Perform cervical dislocation on the mouse and transfer carcass to a biohazard bag for appropriate disposal.

Using tri-grip clamps, secure each tube in the wrist action shaker so that all tubes are fully immersed in the 37°C water bath. Start the shaker.

Shake tubes with the wrist action shaker for total of 0h 8m 0s. After 4 minutes, remove tubes from the bath and shake vigorously by hand 3-5 times to begin to break up tissue. Then, place the tubes back in the water bath to continue shaking for the remaining 4 minutes.

Remove tubes from the bath and shake by hand for up to 0h 2m 0s. Shake until tissue has dissolved into a homogeneous slurry.

Return tubes to ice and add cold HBSS with 10% FBS to bring volume to 15mL.

Centrifuge tubes at200rcf,0h 0m 0s for 0h 1m 0s at 25°C.

Decant the tubes and wash and centrifuge pellets 3X with 10 mL HBSS with 10% FBS . Vortex each time after adding HBSS to mix before centrifugation.

After the final wash, discard supernatant and add 10 mL HBSS with 10% FBS to the tube, pipet up and down to mix, and transfer to a 50 mL conical tube. Wash the original tube with another 5 mL HBSS with 10% FBS and add to 50 mL tube, and transfer that as well, for a total of 15mL of digest.

Vortex the tubes. Using a manual bulb pipet filler, very gently underlay the digest with 15 mL of Histopaque gradient .

Centrifuge tubes at 500rcf,0h 0m 0s for 0h 10m 0s at 25°C.

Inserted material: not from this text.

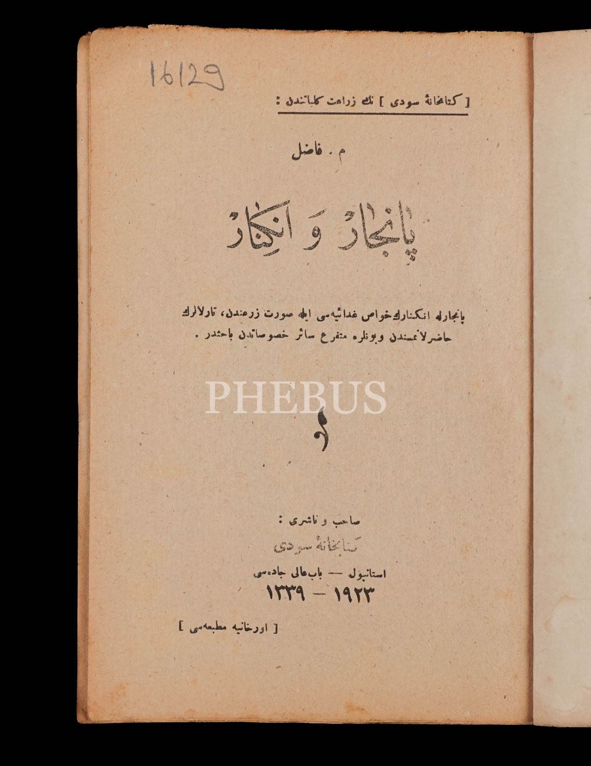 PANCAR VE ENGİNAR, M. Fazıl, 1339, Kitabhane-i Sudi, 64 sayfa, 14x20 cm...

Prepare new 50 mL tubes containing 15 mL HBSS with 1% FBS . After centrifugation, transfer the islet layer to the new tubes using a 25 mL pipet.

Centrifuge tubes at 500rcf,0h 0m 0s for 0h 10m 0s at 25°C.

Decant the tubes and wash and centrifuge pellets 3X with 25 mL HBSS with 1% FBS . Vortex each time after adding HBSS to mix before centrifugation.

After the final decanting, add 10 mL HBSS with 10% FBS to the tube, pipet up and down to mix, and transfer to a 10 cm untreated culture dish. Wash the tube with another 5 mL HBSS with 10% FBS , and transfer that as well, for a total of 15mL of digest.

Place the cell culture plate containing the digest on the stage of an inverted microscope. View and pick islets at 4x magnification, using a P-200 pipette with ART tips.